Personal information
- Date of birth: 7 November 1988 (age 37)
- Place of birth: Rosengård, Malmö, Sweden
- Position: Forward

Youth career
- 1993–2005: Malmö FF Dam
- 2005–2006: Malmö Anadolu BI

Senior career*
- Years: Team / Apps / (Gls)
- 2007–2010: BK Olympic / 112 / (217)
- 2010–2011: BK Kick
- 2011–2012: Kvarnby IK
- 2012–2013: 1. Dalby GIF
- 2013–2016: Husie IF
- 2017-2018: IFK Trelleborg

International career^{‡}
- 2013–2015: Turkey / 5 / (0)

= Pınar Yalçın =

Turkish-Swedish footballer (born 1988)

Pınar Yalçın (born 7 November 1988) is a Turkish-Swedish women's football forward who played in the Swedish Women's Football Division 2 between 2013 and 2017. She also played for the Turkey women's national football team in 2015. She is nicknamed "Pinnen" (Swedish for "the stick") by her fans.

==Personal life==
Yalçın was born in Rosengård district of Malmö in Sweden.
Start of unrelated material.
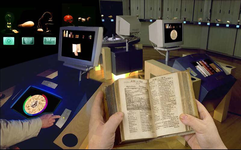 ![]() What Looking & Pointing, an interactive computer installation starting with the original edition of the Orbis Sensualium Pictus, showing how the depiction and description of the world for children and in educational books changed, from the sixteenth century till now. Books from the end of the sixteenth and beginning of the seventeenth century that were a source of inspiration for Comenius are combined with books inspired by the ‘Orbis Pictus’ published in the following four centuries. A total of twenty books, all original editions, coming from five different European libraries can be looked at and compared in detail in digital form. The searching system is entirely based on images and spoken word and its function is to facilitate the comparison of the different books, its plates and details. This part of the installation has two big monitors, one placed horizontal (the touch screen), the other vertical (navigation screen). Touch screen: Choices can be made by pointing and touching of parts of the pictures on the bottom screen (touch screen). The installation speaks three languages that can be chosen by touching the colored circles at the bottom of the screen: Latin (blue), Dutch (green), English (red). Navigation: At the left and right of this touch screen there are metal plates that react to a short and light touch of the hand, by touching these switches you can move back and forward through time. In the same way the switches at the top and bottom of the screen let you go through different levels of information: bookshelf, book, chapters, subchapters, tableaus and details. Little lights in the switches indicate which navigation options are available. You can use these switches only when they are lighted. Navigation screen: On the top navigation screen you can always see the available books in chronological order by year of publishing. On this screen you can see where you are: in which century, book, chapter, subchapter, page, tableau or detail. Graphic representation: The book as a visual object forms the basis of the navigation system. The back covers of the books can be perused on real scale (some books go off screen because of their size). The content of the books is represented chapter wise in segmented diagram circles (we called them Fludd circles after the 17th century English physician who developed this system for his books on the macro and micro cosmos). Once a chapter is chosen, subchapters appear also in circles with pictograms representing each singular section. The singular section mostly consist of tableau like representations of the human world. Details from these tableaus can be chosen as well, which are enlarged so one can study the depiction in great detail. Spoken languages: at each level of navigation speech is triggered by choices made on the touch screen. These can be the title of the book, a chapter, a tableau or a detail of an tableau. Details are either singular words, or words set in a short definition like sentence. As said three languages can be accessed. There have been two editions of the installation, the one shown in the Netherlands spoke Dutch instead of German, though of the Orbis Pictus itself no Dutch version existed. For this reason a reconstruction of seventeenth century Dutch has been made, facilitated by the fact that Comenius during his long stay in the Netherlands had published similar teaching books with Dutch words and sentences. The Latin language was spoken by a specialist in Neo-Latin. Why The installation is based on the book Orbis Sensualium Pictus (the world explained in pictures) by Comenius. The first version was published in 1658 in Nürnberg in a German/Latin edition. Comenius is the Latin name of Jan Amos Komensky, born in Nivnice near Uhersky Brod in Moravia 1592, deceased Amsterdam 1670 and buried in Naarden. The Orbis Sensualium Pictus is a playful and visual textbook to learn Latin and other languages. It summarizes the whole world in hundred and fifty pictures (tableaus) with titles (nomenclature) and numbers that point to words that are set in short sentences. Almost two thousand words and notions are explained for children in this compact little book. In the past three centuries more than two hundred editions in twenty six languages, that used the Orbis Sensualium Pictus as a model, have been published. Things, phenomena and notions are shown in the seemingly natural context of landscapes, still lifes, schemes or allegoric images. Most of the tableaus represent concrete and tangible things. The seventeenth century tableaus look like modern computer screens with 'hot spots' that can be clicked with a mouse or be touched to set an event in motion. The exhibition Orbis Pictus Revised joins this seventeenth century 'multi media' book with today's modern technology. The project has in fact been started by Milos Vojtechovsky who was living at that time in Amsterdam where he had a small galery ‘Oko’ (eye). In the early nineties of last century he made a whole series of associative assemblages of all kind of left overs and scrap materials, which were all inspired by one of the 150 tableaus in the litlle book of Comenius. A first exhibition of these assemblages was documented by Milos in a handmade book, which showed the tableaus and texts that inspired the assemblages. At the end of this book Milos has one quotation that summarizes his intend: “ln every human being there is a strong methaphysical desire to create a reality structured through images in which objects become meaningful through vision and which does not, as Max Planck believed, exist because it is measureable.Most of all, the question of imagination and ideas as an instrument of thinking and analyzing has occupied artists and philosophers. Only in more recent history this process of thinking has been undervalued because of the predominance of quantitative and materialistic criteria. It is obvious, however,that what we generally call thinking is nothing el

Her parents immigrated to Sweden from Turkey. She has one sister and two brothers.

==Playing career==
===Club===
She began playing in the youth team of Malmö FF Dam, which was renamed to LdB FC Malmö in 2007, and then to FC Rosengård in 2013. Yalçın was transferred by the Turkish community club Malmö Anadolu BI.

After playing briefly for BK Kick, BK Olympic, Kvarnby IK and 1. Dalby GIF, she signed with Husie IF for the 2013–14 season.

In 2013, she also officiated at women's football matches in other league divisions.

===International===
Yalçın was called up to take part in the Turkey national team for the 2015 FIFA Women's World Cup qualification round matches. In a newspaper interview, she emphasized that she preferred to play for the Turkey national team. She added that she is happy to make her debut in the match against England women's national football team.

Yalçın was capped four times in the Turkey national team competing in the 2015 FIFA Women's World Cup qualification (UEFA) matches.